ROYSTON: THE TOWN THAT TIME FORGOT...OR AT LEAST MISPLACED.
A week or so back, there was a news report about the discovery of the body of a pilot who disappeared almost sixty years ago in Alaska. The body was frozen and well-preserved.
This cadaver had nothing on the city of Royston....except maybe time frame. We have been frozen in place for at least twenty years, with short interludes of thawing to allow for further deterioration.
What brought this to mind were a few headlines gleaned recently from the local papers, The News Leader and The Franklin County Citizen. Here they are, some paraphrased:
"ROYSTON VOWS TO CRACK DOWN ON JUNK CARS"
COUNCIL REVERSES ITSELF
DOWNTOWN CLEANUP, LONG RANGE PLANS
STRAY DOGS HAVE GOT TO GO
Were these headlines from March, 2006, or March, 1986? If you guessed the former, you are wrong. All of the above issues were the concerns of the Royston City Council twenty years ago. Only the names are omitted, to protect the inept.
Here were the issues then, as they are now:
JUNK CARS
Listen to this from the News Leader of February 14, 1985, and the Citizen of the same date. The council voted to get tough on junk cars "immediately" by writing letters to offenders and giving them ten days to clean up or to be summoned to city court. The city attorney said that, after all, it was not as if it were a "surprise", since the ordinance on junk cars had been on the books since 1977!
The attorney said that dealers were required to erect fences or shrubbery to hide their junk cars.
Indeed!!
QUICK TURNAROUND AT THE COUNCIL
Think the council did a quick about face recently when it set working hours from 8 to 5, then two weeks later decided to let the city manager (who was the target of the earlier action) set working hours for city employees? Listen to this:
In March of 1986, the council voted to deny a wine license for the convenience store being built at the corner of Church Street and Old Elbert Road, near the Church of God. The City attorney advised them that they were on shaky legal grounds. Nevertheless, the Mayor broke a 3-3 tie and voted against the license. Two or three days later, he called a special meeting, admitted he goofed, and reversed his vote.
CLEANUP AND GROW
In February of 1985, the council voiced concern about a deteriorating building downtown.

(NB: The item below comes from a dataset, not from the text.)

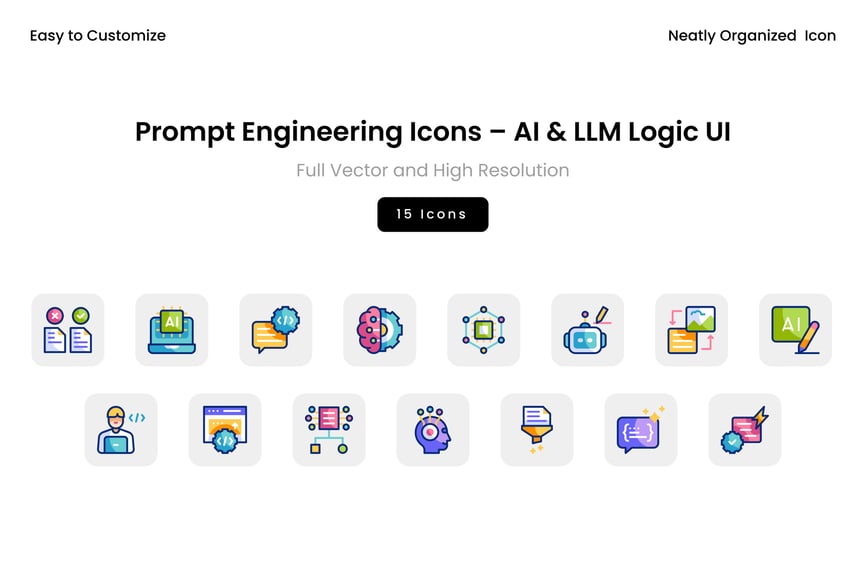 提示工程图标 – AI 和 LLM 逻辑 UI

The city attorney was instructed by the council to give the owner sixty days to fix it up. Meanwhile, the two owners decided to sell. (The only difference today is that if the council took such strong action...which they won't.....the owners would refuse to sell,)

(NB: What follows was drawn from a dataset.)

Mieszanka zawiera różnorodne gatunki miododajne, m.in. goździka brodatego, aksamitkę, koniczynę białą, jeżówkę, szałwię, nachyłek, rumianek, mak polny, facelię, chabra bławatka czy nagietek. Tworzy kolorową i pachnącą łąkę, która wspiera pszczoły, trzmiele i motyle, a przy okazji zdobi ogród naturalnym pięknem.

And in January of 1985, the city voted to spend an estimated $1,506.62 for a marketing study to see what could be done to revitalize downtown. Obviously, it didn't work.
DOGS, DOGS, DOGS
In February, 1985, deteriorating buildings were not the only matter of concern with the city council. Seems that back in olden times, dogs were allowed to wander at will around the streets of Royston. The council was about to take action on the stray dog problem when one astute councilman jumped in. Not so fast, he warned.

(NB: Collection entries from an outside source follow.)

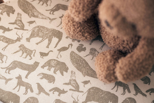 Easily protect the mattress of your baby or toddler with this fun little fitted sheet. The adventurous Animals print will take your mini on an adventure in their dreams. The fitted sheet fits perfectly around the mattress with the elastic bands in each corner. You can perfectly combine the fitted sheet with the blankets from the Grain Knit theme.
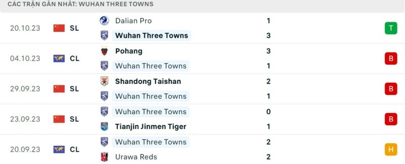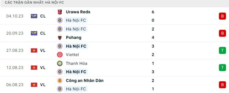 Phong độ gần đây Vũ Hán vs Hà Nội:
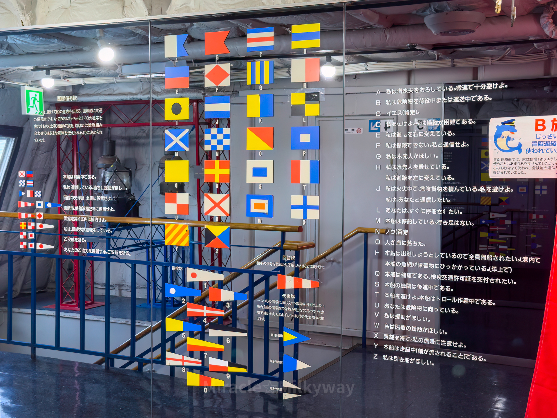 4층으로 올라가면 가장 먼저 국제신호기(国際信号旗)의 설명이 나온다. 각 알파벳 및 숫자별로 다른 문양과 형태의 깃발로, 오른쪽에 쓰인 각 의미는 여기에서 살펴볼 수 있다.

The Franklin County Citizen quoted the zealous councilman, "I think we need to use common sense. There's some of these dogs running around here that probably are good dogs. You usually can distinguish (the good dogs from the strays). These old stray dogs is what we need to work on first and try to talk to (the owners of the good dogs) about these things---just not go out there and start grabbing up dogs."
The Citizen reported that the councilman was then charged by the full council to go down to Elberton to see how they were handling stray dogs.
Now the truth is out!! If there is a stray dog problem in Royston today, it's not the council's fault. It's Elberton's! They showed us how.
Alas, Royston is perhaps one of the few places that Rip Van Winkle, were he alive today, could take a twenty-year nap, wake up, and find that nothing had changed.